__WORK REQUIRED__: Repeat exactly the lines of the records below, starting at the line containing "ЗАЧЕМ ЧИТАТЬ КНИГИ" and ending at the line containing "Radioscopie du dormeur". Leave the pictures out.

__DATASET__:
╔══
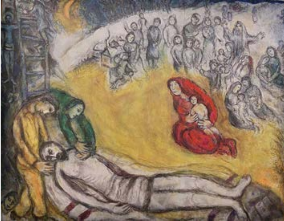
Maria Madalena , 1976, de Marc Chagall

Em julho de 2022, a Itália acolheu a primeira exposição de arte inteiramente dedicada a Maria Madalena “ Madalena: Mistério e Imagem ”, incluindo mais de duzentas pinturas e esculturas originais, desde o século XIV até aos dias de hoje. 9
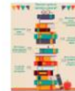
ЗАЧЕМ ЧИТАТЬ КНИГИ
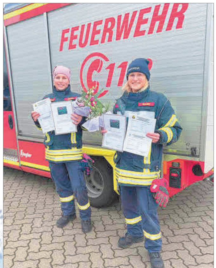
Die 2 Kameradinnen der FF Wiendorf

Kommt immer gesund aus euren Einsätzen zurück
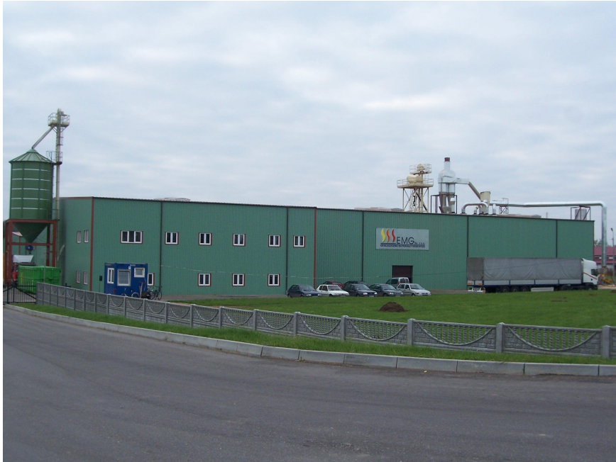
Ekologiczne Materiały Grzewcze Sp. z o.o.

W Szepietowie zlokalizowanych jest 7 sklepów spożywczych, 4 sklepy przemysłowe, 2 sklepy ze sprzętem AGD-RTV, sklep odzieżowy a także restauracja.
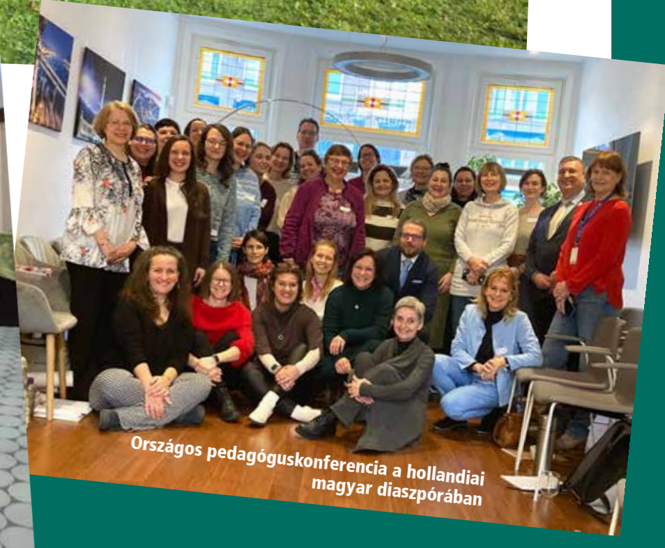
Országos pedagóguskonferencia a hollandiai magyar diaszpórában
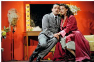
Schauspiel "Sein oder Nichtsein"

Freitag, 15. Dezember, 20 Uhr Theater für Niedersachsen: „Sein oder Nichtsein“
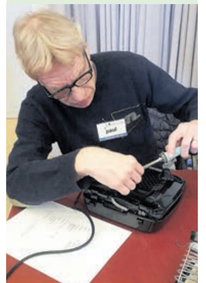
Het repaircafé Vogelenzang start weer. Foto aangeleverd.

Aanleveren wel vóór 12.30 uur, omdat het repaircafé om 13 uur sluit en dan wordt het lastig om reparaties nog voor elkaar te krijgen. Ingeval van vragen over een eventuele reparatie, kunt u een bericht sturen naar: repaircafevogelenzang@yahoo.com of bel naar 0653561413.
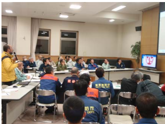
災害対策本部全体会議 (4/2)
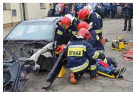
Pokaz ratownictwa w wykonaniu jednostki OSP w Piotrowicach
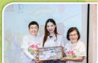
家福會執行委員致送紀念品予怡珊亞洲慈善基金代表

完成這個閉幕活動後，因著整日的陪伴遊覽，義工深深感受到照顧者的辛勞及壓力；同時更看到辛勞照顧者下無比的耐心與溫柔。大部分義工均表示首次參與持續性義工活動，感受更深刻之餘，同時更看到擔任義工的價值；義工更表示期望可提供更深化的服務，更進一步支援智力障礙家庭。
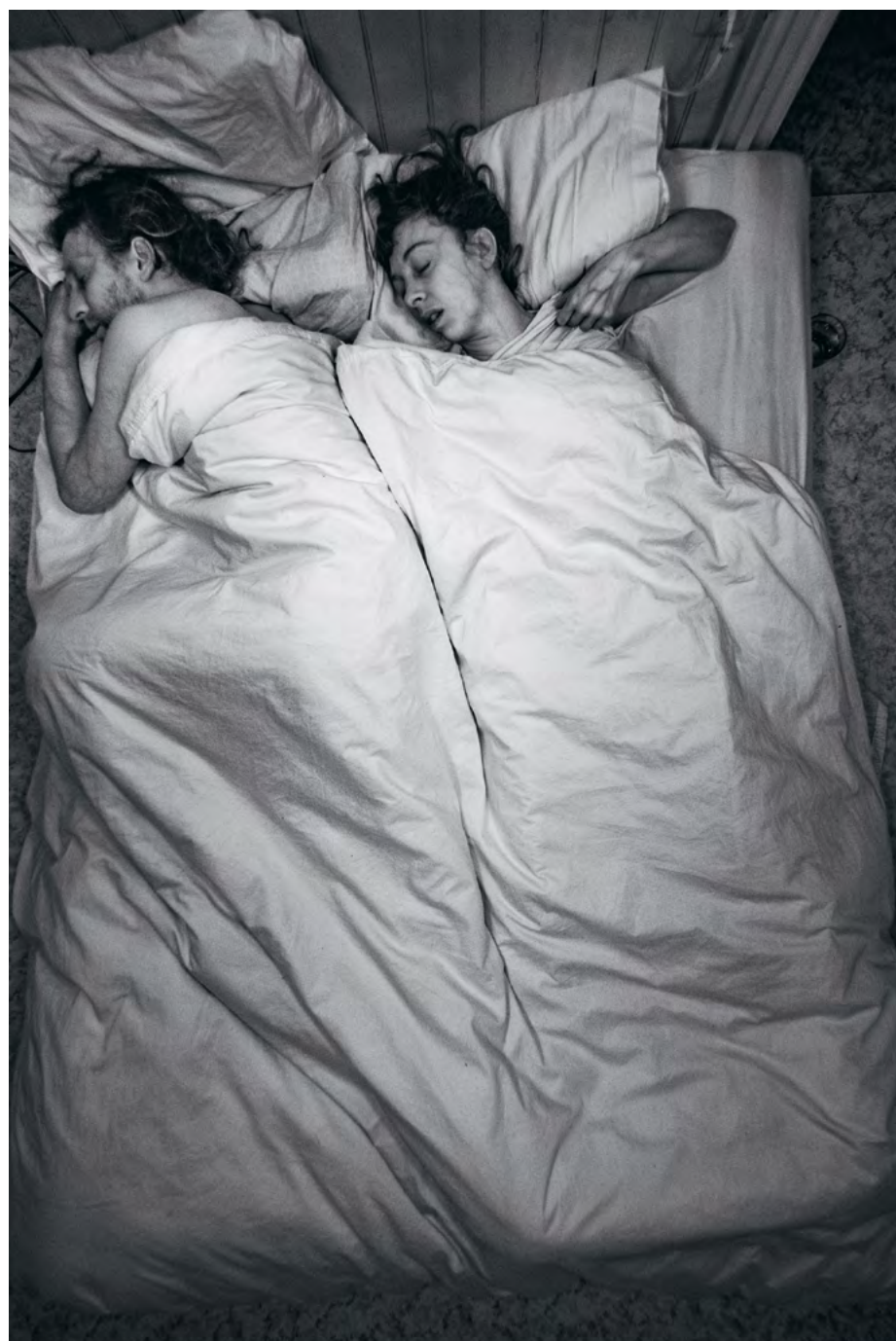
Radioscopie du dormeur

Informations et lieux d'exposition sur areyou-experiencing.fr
╚══
╔══
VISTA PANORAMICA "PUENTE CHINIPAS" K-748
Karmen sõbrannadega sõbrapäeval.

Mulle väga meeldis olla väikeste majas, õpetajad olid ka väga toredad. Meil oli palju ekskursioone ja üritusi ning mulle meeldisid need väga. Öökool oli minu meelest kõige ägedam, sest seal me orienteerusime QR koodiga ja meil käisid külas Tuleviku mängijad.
╚══
__RESPONSE BELOW__:
ЗАЧЕМ ЧИТАТЬ КНИГИ
Die 2 Kameradinnen der FF Wiendorf

Kommt immer gesund aus euren Einsätzen zurück
Ekologiczne Materiały Grzewcze Sp. z o.o.

W Szepietowie zlokalizowanych jest 7 sklepów spożywczych, 4 sklepy przemysłowe, 2 sklepy ze sprzętem AGD-RTV, sklep odzieżowy a także restauracja.
Országos pedagóguskonferencia a hollandiai magyar diaszpórában
Schauspiel "Sein oder Nichtsein"

Freitag, 15. Dezember, 20 Uhr Theater für Niedersachsen: „Sein oder Nichtsein“
Het repaircafé Vogelenzang start weer. Foto aangeleverd.

Aanleveren wel vóór 12.30 uur, omdat het repaircafé om 13 uur sluit en dan wordt het lastig om reparaties nog voor elkaar te krijgen. Ingeval van vragen over een eventuele reparatie, kunt u een bericht sturen naar: repaircafevogelenzang@yahoo.com of bel naar 0653561413.
災害対策本部全体会議 (4/2)
Pokaz ratownictwa w wykonaniu jednostki OSP w Piotrowicach
家福會執行委員致送紀念品予怡珊亞洲慈善基金代表

完成這個閉幕活動後，因著整日的陪伴遊覽，義工深深感受到照顧者的辛勞及壓力；同時更看到辛勞照顧者下無比的耐心與溫柔。大部分義工均表示首次參與持續性義工活動，感受更深刻之餘，同時更看到擔任義工的價值；義工更表示期望可提供更深化的服務，更進一步支援智力障礙家庭。
Radioscopie du dormeur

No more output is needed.